Another nice post! I think it massively overstates the case for Bio Anchors being too aggressive:
The assumption of the Bio Anchors framework is that compute is the bottleneck, not that compute is all you need (but your phrasing gives the opposite impression).
In the bio anchors framework we pretty quickly (by 2025 I think?) get to a regime where people are willing to spend a billion+ dollars on the compute for a single training run. It’s pretty darn plausible that by the time you are spending billions of dollars on compute, you’ll also be able to afford the associated data collection, researcher salaries, etc. for some transformative task.
(There are many candidate transformative tasks, some of which would be directly transformative and others indirectly by rapidly leading to the creation of AIs that can do the directly transformative things. So for compute to not be the bottleneck, it has to be that we are data-collection-limited, or researcher-salary limited, or whatever, for all of these tasks.)
(Also, I don’t think “transformative AI” should be our milestone anyway. AI-induced point of no return is, and that probably comes earlier.)
Thanks for this, I can see how that could be confusing language. I’ve changed “this would be enough to develop transformative AI” to “transformative AI would (likely) follow” and cut “But in fact” from the next bullet point. (I’ve only made these changes at the Cold Takes version; editing this version can cause bugs.)
I agree directionally with the points you make about “many transformative tasks” and “point of no return,” but I still think AI systems would have to be a great deal more capable than today’s—likely with a pretty high degree of generality (or at least far more sample-efficient learning than we see today) - to get us to that point.
Update: I thought about it a bit more & asked this question & got some useful feedback, especially from tin482 and vladimir_nesov. I now am confused about what people mean when they say current AI systems are much less sample-efficient than humans. On some interpretations, GPT-3 is already about as sample-efficient as humans. My guess is it’s something like: “Sure, GPT-3 can see a name or fact once in its dataset and then remember it later & integrate it with the rest of its knowledge. But that’s because it’s part of the general skill/task of predicting text. For new skills/tasks, GPT-3 would need huge amounts of fine-tuning data to perform acceptably.”

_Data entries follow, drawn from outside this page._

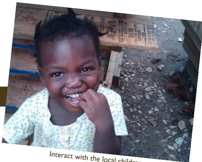
Interact with the local children.
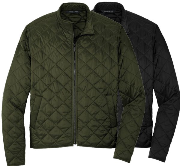
MERCER + METTLE Quilted Full-Zip Jacket MM7200 Adult Sizes: XS-3XL | 2 colors
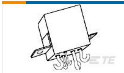
TE Part #5-1617791-4 FCA-125-3705L=M83536/37-005L
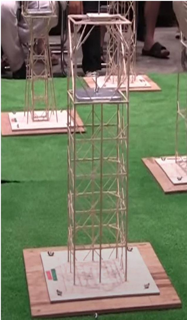
Example of stick structure to be built.

The structures to be built will not be as complicated and tall as shown in this video. This video just explains how the event will proceed.
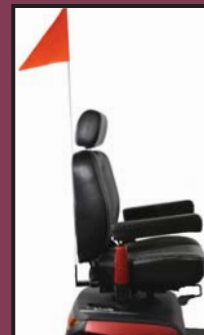
6' Safety Flag

Surely a big part of the resolution is that GPT-3 is sample-inefficient in total, but sample-efficient on the margin?
Excellent, thanks!
The sample-efficient learning thing is an interesting crux. I tentatively agree with you that it seems hard for AIs that are as sample-inefficient as todays to be dangerous. However… on my todo list is to interrogate that. In my “median future” story, for example, we have chatbots that are talking to millions of people every day and online-learning from those interactions. Maybe it can make up in quantity what it lacks in quality, so to speak—maybe it can keep up with world affairs and react to recent developments via seeing millions of data points about it, rather than by seeing one data point and being sample-efficient. Idk.